**Exercise:**
Reproduce, exactly and in full, only the lines below from the one containing "財界さっぽろ新年号の2ページ" through the one containing "Управление насосами и".

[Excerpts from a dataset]
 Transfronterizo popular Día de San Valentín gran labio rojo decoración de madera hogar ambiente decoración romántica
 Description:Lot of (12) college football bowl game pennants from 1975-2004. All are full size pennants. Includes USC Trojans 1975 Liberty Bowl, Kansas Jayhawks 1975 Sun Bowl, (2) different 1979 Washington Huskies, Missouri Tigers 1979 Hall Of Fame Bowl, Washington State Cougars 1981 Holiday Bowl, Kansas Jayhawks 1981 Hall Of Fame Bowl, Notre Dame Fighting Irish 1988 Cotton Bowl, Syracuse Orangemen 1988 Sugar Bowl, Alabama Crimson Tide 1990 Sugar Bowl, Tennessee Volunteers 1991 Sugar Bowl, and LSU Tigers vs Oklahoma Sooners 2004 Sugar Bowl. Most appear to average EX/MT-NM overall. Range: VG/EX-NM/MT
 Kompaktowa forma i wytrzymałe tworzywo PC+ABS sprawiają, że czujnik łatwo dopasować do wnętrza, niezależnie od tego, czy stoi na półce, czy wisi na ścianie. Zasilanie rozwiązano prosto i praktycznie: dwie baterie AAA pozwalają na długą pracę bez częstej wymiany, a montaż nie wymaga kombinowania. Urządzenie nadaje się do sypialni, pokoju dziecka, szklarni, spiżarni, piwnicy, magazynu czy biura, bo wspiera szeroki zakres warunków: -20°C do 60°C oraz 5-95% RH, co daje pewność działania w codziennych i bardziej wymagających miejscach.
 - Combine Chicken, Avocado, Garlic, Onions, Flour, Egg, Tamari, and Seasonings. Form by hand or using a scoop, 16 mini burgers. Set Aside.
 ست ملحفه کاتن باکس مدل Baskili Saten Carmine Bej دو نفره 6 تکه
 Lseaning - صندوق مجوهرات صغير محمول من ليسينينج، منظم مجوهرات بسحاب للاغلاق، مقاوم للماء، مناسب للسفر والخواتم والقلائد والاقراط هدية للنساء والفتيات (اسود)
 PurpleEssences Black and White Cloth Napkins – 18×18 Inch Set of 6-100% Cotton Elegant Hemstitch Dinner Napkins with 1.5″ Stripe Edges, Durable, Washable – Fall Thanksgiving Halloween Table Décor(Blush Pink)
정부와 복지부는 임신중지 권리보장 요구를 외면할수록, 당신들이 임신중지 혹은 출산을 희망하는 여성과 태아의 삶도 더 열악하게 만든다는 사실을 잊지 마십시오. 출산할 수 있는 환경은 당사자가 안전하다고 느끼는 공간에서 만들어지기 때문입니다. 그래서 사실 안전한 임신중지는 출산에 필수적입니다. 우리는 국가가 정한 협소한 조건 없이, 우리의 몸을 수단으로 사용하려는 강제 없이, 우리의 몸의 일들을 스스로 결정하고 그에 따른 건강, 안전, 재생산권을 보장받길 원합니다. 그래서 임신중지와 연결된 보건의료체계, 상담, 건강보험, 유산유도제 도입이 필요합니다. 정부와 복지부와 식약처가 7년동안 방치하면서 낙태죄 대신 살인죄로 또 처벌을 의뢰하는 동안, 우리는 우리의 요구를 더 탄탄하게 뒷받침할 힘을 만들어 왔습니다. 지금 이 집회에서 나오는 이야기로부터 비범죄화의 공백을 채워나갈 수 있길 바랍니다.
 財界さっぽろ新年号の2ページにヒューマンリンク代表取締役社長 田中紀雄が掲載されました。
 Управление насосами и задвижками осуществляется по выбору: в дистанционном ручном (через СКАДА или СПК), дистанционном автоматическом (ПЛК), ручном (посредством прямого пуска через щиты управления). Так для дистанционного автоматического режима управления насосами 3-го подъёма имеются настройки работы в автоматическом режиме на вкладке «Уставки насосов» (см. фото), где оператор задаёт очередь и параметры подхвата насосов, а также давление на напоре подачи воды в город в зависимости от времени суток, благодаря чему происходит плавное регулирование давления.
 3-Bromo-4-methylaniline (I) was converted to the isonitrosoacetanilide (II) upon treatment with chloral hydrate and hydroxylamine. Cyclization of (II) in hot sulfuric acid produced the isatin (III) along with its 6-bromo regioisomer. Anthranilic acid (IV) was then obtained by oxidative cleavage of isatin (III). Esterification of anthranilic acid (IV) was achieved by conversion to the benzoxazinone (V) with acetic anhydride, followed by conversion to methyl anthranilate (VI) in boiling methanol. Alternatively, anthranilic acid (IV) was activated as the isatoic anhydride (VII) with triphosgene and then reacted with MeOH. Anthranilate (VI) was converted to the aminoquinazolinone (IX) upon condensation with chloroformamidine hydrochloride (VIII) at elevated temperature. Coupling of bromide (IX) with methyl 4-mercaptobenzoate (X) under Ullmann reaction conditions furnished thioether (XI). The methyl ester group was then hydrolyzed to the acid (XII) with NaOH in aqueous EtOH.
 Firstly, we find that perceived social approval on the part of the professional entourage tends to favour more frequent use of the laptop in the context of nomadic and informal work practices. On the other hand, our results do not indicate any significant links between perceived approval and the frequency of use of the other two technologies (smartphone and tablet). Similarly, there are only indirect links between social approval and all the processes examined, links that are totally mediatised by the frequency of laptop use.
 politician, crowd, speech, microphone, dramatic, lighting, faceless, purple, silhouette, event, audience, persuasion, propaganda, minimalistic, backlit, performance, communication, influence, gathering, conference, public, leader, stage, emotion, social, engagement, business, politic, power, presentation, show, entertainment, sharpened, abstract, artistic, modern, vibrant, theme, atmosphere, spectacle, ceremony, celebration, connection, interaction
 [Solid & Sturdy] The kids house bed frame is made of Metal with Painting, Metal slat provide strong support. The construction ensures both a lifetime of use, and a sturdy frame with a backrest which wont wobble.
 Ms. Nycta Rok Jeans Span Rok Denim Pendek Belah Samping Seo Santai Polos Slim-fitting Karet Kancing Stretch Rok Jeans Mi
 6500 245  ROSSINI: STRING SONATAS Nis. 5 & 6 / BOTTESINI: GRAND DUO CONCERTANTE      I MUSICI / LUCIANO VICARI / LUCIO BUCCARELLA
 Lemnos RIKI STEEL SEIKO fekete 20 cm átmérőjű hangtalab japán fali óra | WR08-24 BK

**Exercise answer:**
 財界さっぽろ新年号の2ページにヒューマンリンク代表取締役社長 田中紀雄が掲載されました。
 Управление насосами и задвижками осуществляется по выбору: в дистанционном ручном (через СКАДА или СПК), дистанционном автоматическом (ПЛК), ручном (посредством прямого пуска через щиты управления). Так для дистанционного автоматического режима управления насосами 3-го подъёма имеются настройки работы в автоматическом режиме на вкладке «Уставки насосов» (см. фото), где оператор задаёт очередь и параметры подхвата насосов, а также давление на напоре подачи воды в город в зависимости от времени суток, благодаря чему происходит плавное регулирование давления.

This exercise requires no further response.